I'm relieved that he's not starving and that he's not injured. I still can't believe someone can (literally) throw an animal into the street like that.
He can stand up. But as soon as he's comfortable again, he'll sit back down.
He seems a bit tired, he's sleeping right now.


----------



## Twiggy (Aug 24, 2008)

One more thing, I want to give him a bath, but I'm not sure if it's a good idea. What do you think?


----------



## Pidgey (May 20, 2005)

Let him sleep, as should you given the hour. Bless you for taking him in!

Pidgey


----------



## Charis (Feb 11, 2007)

Twiggy,
You can also defrost frozen corn and and peas under warm water and feed the baby those until you get to the pet store. Just open the beak and put individual pieces at the back of the throat and the baby will swallow them. I think 25-30 pieces a feeding would be a good amount.
That's a very cute baby you've got and lucky you came along.


----------



## Twiggy (Aug 24, 2008)

Aw, anything for an animal. ^_^


----------



## Pidgey (May 20, 2005)

Twiggy said:


> One more thing, I want to give him a bath, but I'm not sure if it's a good idea.
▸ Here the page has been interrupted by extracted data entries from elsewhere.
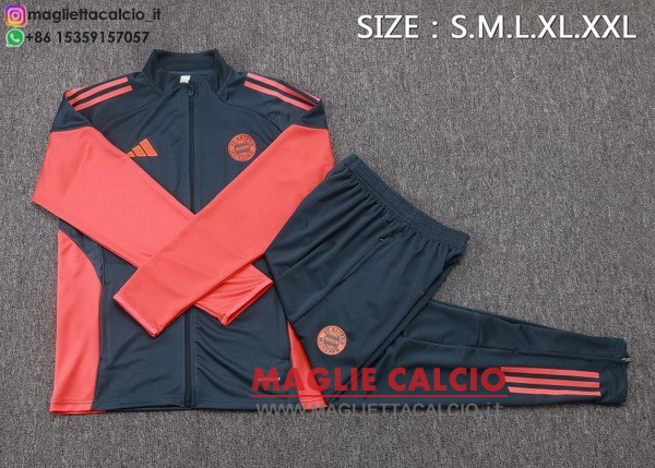 nuova bayern monaco insieme completo grigio navy rosso bambino giacca lunga zip 2025-2026
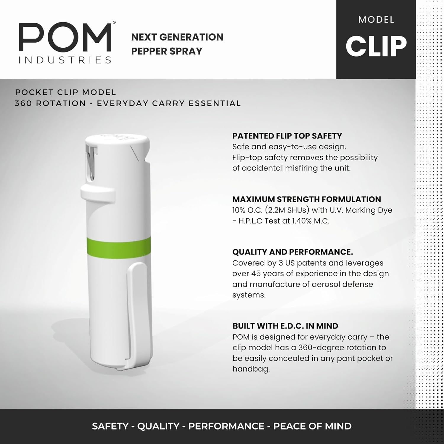 Intuitive, Compact, and Ready When You Need It Most. Stay protected with POM Pepper Spray—trusted by professionals and civilians alike. Designed with a patented flip-top actuator, POM’s intuitive system allows for quick, reliable use under pressure, keeping you safe when seconds matter. Our maximum strength OC formula offers police-grade stopping power and includes an invisible UV dye to assist law enforcement with suspect identification. Each compact unit delivers 25 powerful bursts in a precise stream spray that minimizes wind blowback and reaches distances up to 10–12 feet, providing safe, effective protection from multiple threats. The ergonomic design ensures proper hand alignment by feel alone, so you can stay focused on the situation—not your grip. Whether clipped discreetly to a pocket or carried on a Quick Key Release, POM is made for easy access and daily carry. Available in a range of sleek, modern colors. POM — Protection in the Palm of Your Hand. Proudly made in the USA.
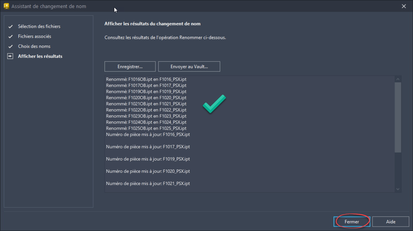 - Il est possible d'ajouter ou non Préfix et/ou Suffixe avec Incrément, Vault vérifie et met à jour automatiquement les références, associations et liens d’assemblages pour tous les fichiers renommés.

What do you think?


They love baths. Does he stink or have something on him in particular that you want to clean off?

Pidgey


----------



## Twiggy (Aug 24, 2008)

And, thanks Charis. =)
I think we have some. I'm going to try that.


----------



## Twiggy (Aug 24, 2008)

Pidgey said:


> They love baths. Does he stink or have something on him in particular that you want to clean off?
> 
> Pidgey


Nah, but he has dirt on his feet. And I just want to make sure he's clean.
I'll let him rest for now though.


----------



## Pidgey (May 20, 2005)

Twiggy said:


> Nah, but he has dirt on his feet. And I just want to make sure he's clean.
> I'll let him rest for now though.


Well, I better warn you before you go too far: do NOT paint his toenails and put a ribbon on his head.

Pidgey


----------



## pdpbison (Mar 15, 2005)

Hi Twiggy, 



He is likely sore or sprained a little in the Legs and elsewhere, from his adventures earlier.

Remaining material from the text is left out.